WMJO
- Essexville, Michigan; United States;
- Broadcast area: Greater Tri-Cities
- Frequency: 97.3 MHz
- Branding: 97.3 Joe FM

Programming
- Format: Variety hits

Ownership
- Owner: MacDonald Broadcasting
- Sister stations: WKCQ, WSAM, WSAG

History
- First air date: circa 1991 (as WIXC)
- Former call signs: WEEG (1/5/99-6/24/04) WIXC (9/6/91-1/5/99)
- Call sign meaning: W M JOe FM

Technical information
- Licensing authority: FCC
- Facility ID: 73111
- Class: A
- ERP: 3,000 watts
- HAAT: 100 meters
- Transmitter coordinates: 43°30′51″N 83°45′51″W﻿ / ﻿43.51417°N 83.76417°W

Links
- Public license information: Public file; LMS;
- Website: 973joefm.com

= WMJO =

WMJO (97.3 FM, "Joe FM") is a radio station licensed to Essexville, Michigan and broadcasting at 97.3 MHz with an effective radiated power of 3,000 watts. Known on the air as Joe-FM, WMJO has a variety hits format targeted to Saginaw, Bay City, and Midland. The station is one of four locally owned MacDonald Broadcasting radio stations.
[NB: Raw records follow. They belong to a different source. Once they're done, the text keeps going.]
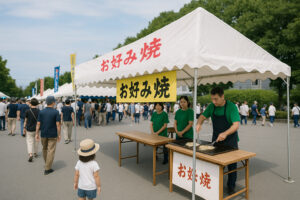 イベント会場でもカラー天幕はひときわ見立ち、差別化や目印にもなります。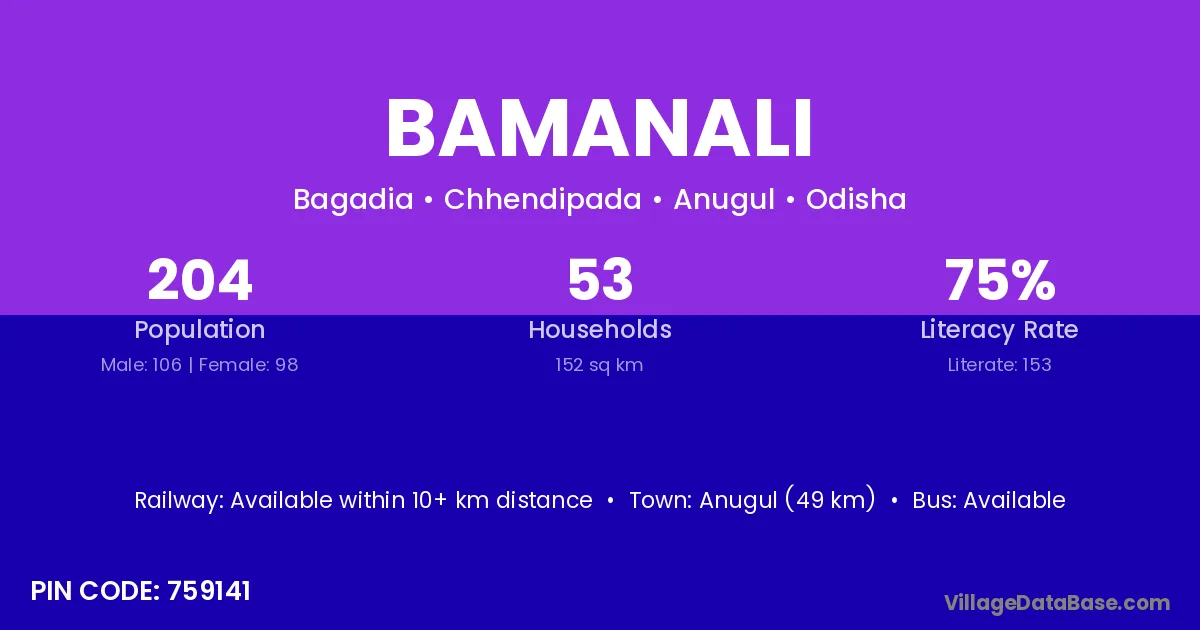 Anugul (49 km) is the nearest town to Bamanali village for major economic activities and is located approximately 49 km away.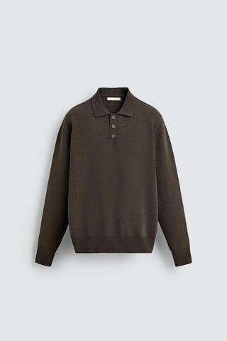 Поло классического кроя из текстурированной синели. Отложной воротник с застежкой на пуговицы спереди. Длинные рукава. Детали в рубчик.

It first began broadcasting in 1991 under the WIXC call sign (now used by a sports radio station in Titusville, Florida). The station switched from country when it was purchased by MacDonald in 1998. Since MacDonald owned then competitor WKCQ, the station's format was flipped to classic rock and was known as Eagle 97.3 with the call sign WEEG. In 2004, the station became Joe-FM, a variety hits format modeled after Jack FM, and changed its call signs once again to WMJO. The station originally had the same playlist and shared personalities with sister station WHZZ 101.7 FM Mike FM in Lansing, Michigan. WMJO eventually evolved into a more gold-based Classic Hits format and is considered a hybrid Adult and Classic Hits station rather than a true variety hits station like WHZZ. However both stations continue to use the same imaging.

WMJO 97.3 was the exclusive radio broadcaster of the OHL's Saginaw Spirit ice hockey team. Spirit games are now broadcast on WSGW (100.5).